The new year has arrived and many of us of course have some new years resolutions. Lose some kilos, run the marathon, pick up the renovation of your house and perhaps go out in the great outdoors more. It’s all part of this time of year. Of course, we at Triple E also have some good intentions for the coming year.
Of course, we closed 2022 with a spectacular conclusion with a well-attended conference on the degradation of asbestos and PFAS using mycorrhiza, entitled ‘Demolition is degradation’. We have made an impression of the atmosphere for those who missed the meeting. If you want to see it, click on the link below:
https://www.youtube.com/watch?v=ymj5aFjGXQ8&t=7s
Following on from this successful congress, we intend to revive an old tradition: the Green Christmas Lecture. We will organize these every year around a current theme, with great speakers. Of course in the Koepelkerk in Arnhem.
Although the Fiber2Fiber project came to an end with the conference, the foundation was simultaneously laid for the practical implementation of all knowledge. Our second good intention is that we will work very hard on the realization of one or more new phytor refineries. Obviously in Lieshout with Bavaria, but also in Arnhem at the Industrial Park Kleefse Waard (IPKW). If only because our location in Huissen is becoming too small.
Because we will of course also be making more Brickz. That’s a trend we’re seeing and we’ll be expanding our customer base significantly over the next year. For those who didn’t know yet: Brickz can be ordered through our webshop:
https://www.tripleee.nl/product/brickz/
As far as the Brickz is concerned, we also intend to market the Brickz aimed at breaking down asbestos and PFAS. Another important intention is that we will improve our website, because with 13,000 visitors per year, it appears that this is still a very important medium for us to make our ideas and plans known to a wide audience.

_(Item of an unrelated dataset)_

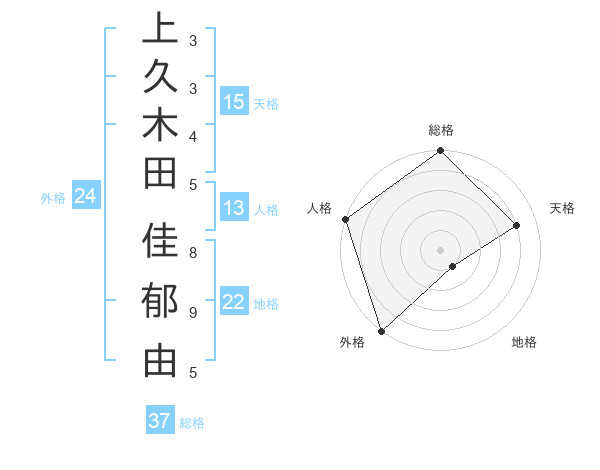 上久木田 佳郁由さんを姓名の画数から五運を鑑定
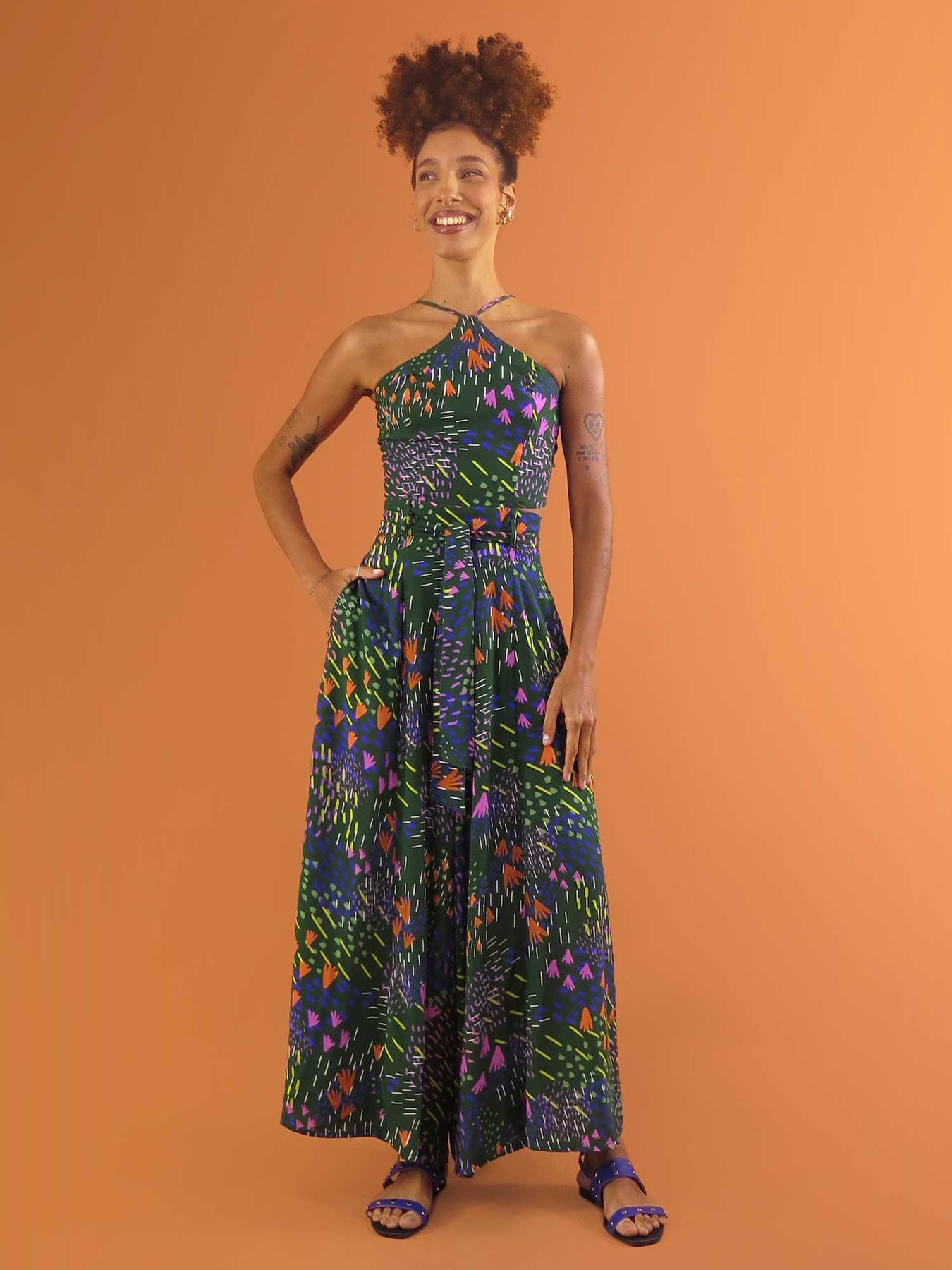 Cada flor parece brotar do movimento dos riscos — pequenas, delicadas, mas cheias de vida. É um convite para desacelerar, como um domingo, sentir o tempo passar devagar e se vestir da nossa natureza colorida.

And so we move forward step by step. Speaking of progress, it seems more and more that nature conservation and the environmental movement no longer believe in progress. Technical solutions are no longer accepted, it will have to be done by adjusting our lifestyle. And unfortunately that means we have to take a step back. In practice, this is also a good justification for failing policy: decline not as a form of failure, but as proof of a kind of natural law. But of course it remains policy failure. It keeps Tom Bade busy and that’s why he also spent an episode of Leaf Green on it (see link below):
https://www.youtube.com/watch?v=XnyOPHbvGb0&t=301s
The great danger is, of course, that this will evaporate public support for environmental policy and nature conservation. Because who wants to live in a society that is going backwards? Incidentally, that support is already disappearing now that we see that our policymakers themselves are not taking sustainability standards very seriously. In the House of Representatives people are still warm, the airport in Davos – where the WEF – meets, is full of private planes of drivers who decide during copious meals that it can all be an ounce less for the citizens of this world. Let us therefore especially intend to ask our directors to set a good example. That would be quite an improvement.